Task directions
Word for word, restate the lines of the data below between those holding "Fakfak – Bupati" and "Custom jersey with", inclusive; pictures do not belong in the copy.

Supplied material

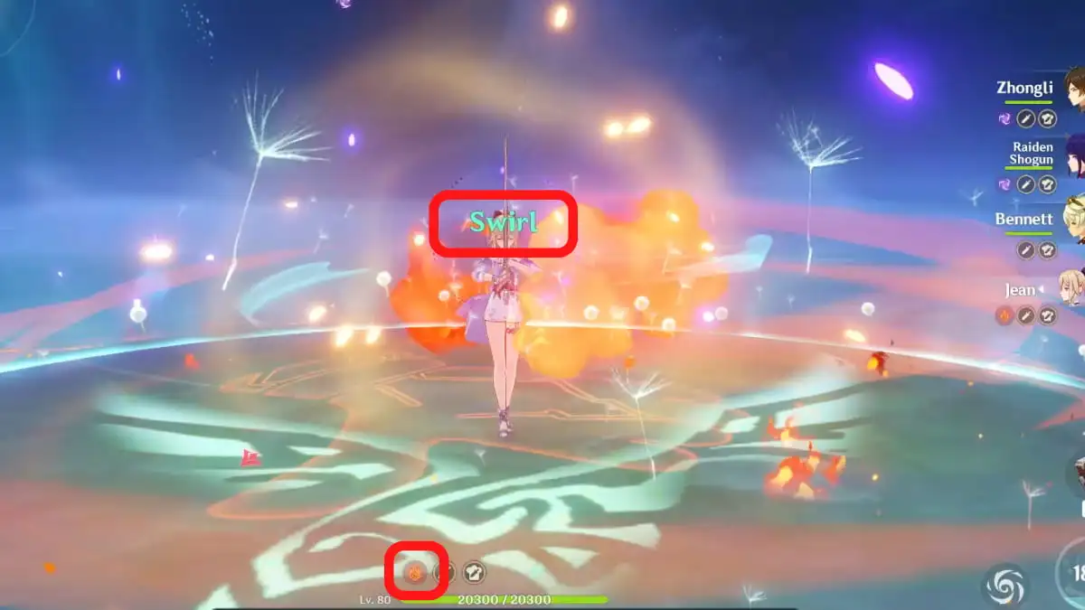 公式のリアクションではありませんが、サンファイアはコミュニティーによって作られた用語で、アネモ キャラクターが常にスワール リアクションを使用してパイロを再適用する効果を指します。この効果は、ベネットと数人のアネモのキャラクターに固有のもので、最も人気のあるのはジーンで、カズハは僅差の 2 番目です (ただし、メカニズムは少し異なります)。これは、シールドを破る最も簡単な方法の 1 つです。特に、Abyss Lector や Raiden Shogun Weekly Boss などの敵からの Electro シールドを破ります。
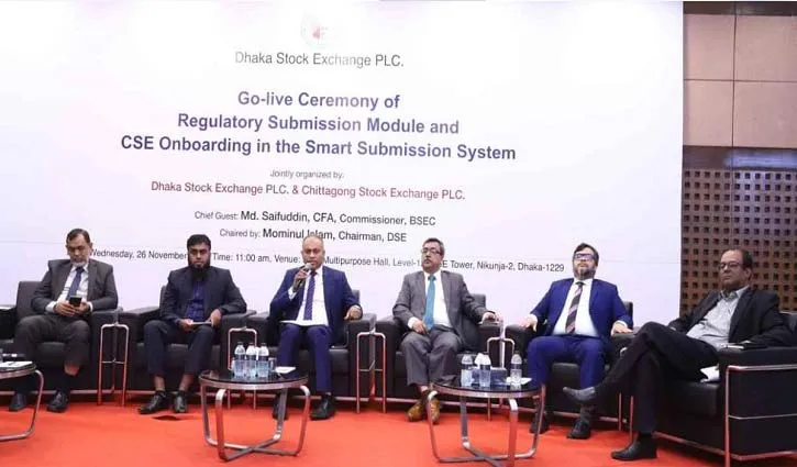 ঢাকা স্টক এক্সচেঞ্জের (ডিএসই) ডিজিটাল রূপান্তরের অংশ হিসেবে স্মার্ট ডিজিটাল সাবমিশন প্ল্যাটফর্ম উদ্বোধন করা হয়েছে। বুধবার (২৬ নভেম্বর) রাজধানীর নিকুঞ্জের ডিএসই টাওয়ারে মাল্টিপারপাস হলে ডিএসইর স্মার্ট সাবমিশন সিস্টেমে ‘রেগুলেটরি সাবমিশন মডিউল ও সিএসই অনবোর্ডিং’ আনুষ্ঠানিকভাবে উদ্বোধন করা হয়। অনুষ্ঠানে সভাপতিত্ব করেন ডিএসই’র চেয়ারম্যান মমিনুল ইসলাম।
---
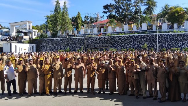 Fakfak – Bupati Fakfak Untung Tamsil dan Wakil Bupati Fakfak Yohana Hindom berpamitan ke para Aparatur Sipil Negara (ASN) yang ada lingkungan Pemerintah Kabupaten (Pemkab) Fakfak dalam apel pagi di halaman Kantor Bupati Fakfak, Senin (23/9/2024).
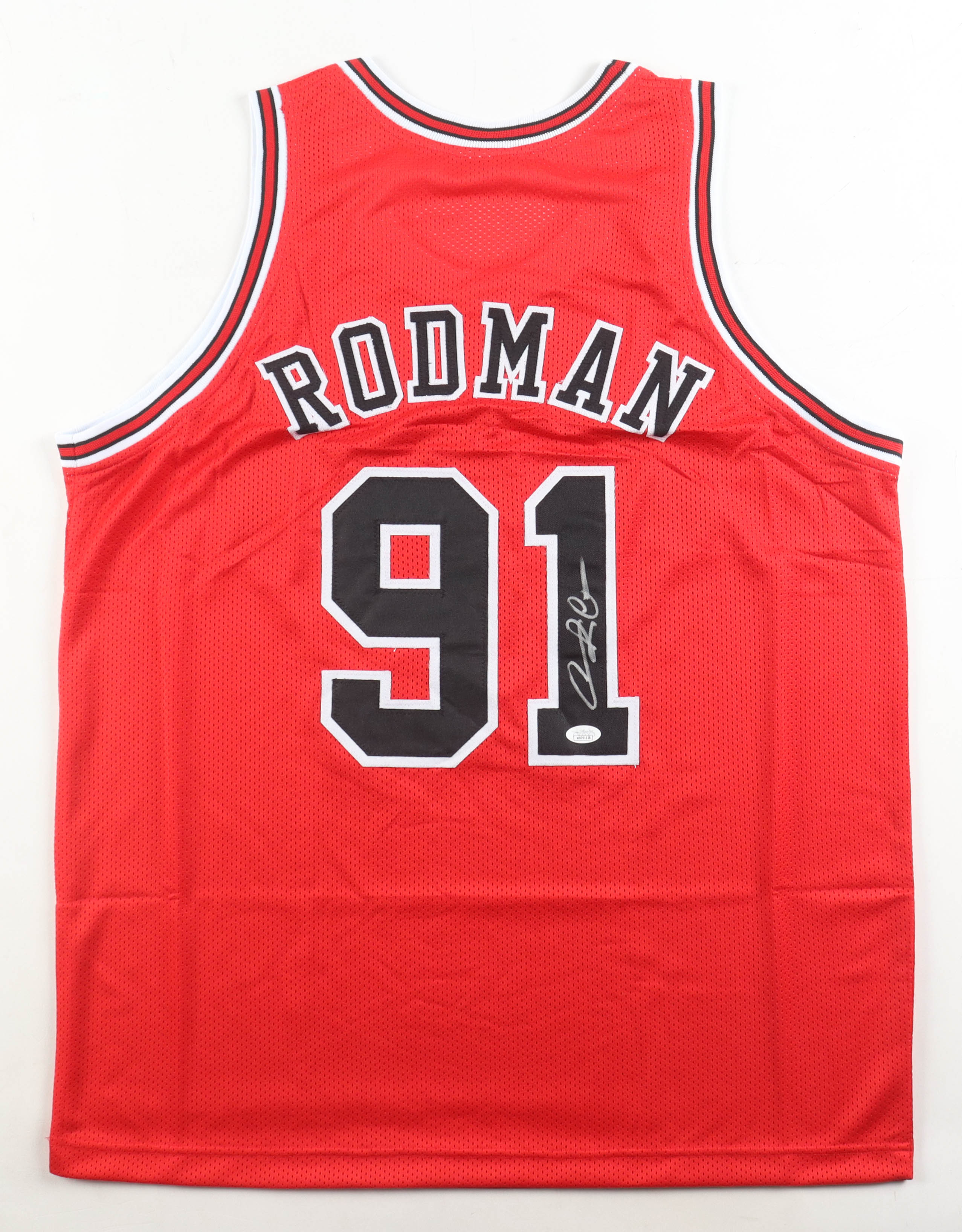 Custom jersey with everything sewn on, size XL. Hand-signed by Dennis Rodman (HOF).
==
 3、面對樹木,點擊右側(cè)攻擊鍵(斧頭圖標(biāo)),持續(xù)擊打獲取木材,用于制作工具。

Output for this exercise
 Fakfak – Bupati Fakfak Untung Tamsil dan Wakil Bupati Fakfak Yohana Hindom berpamitan ke para Aparatur Sipil Negara (ASN) yang ada lingkungan Pemerintah Kabupaten (Pemkab) Fakfak dalam apel pagi di halaman Kantor Bupati Fakfak, Senin (23/9/2024).
 Custom jersey with everything sewn on, size XL. Hand-signed by Dennis Rodman (HOF).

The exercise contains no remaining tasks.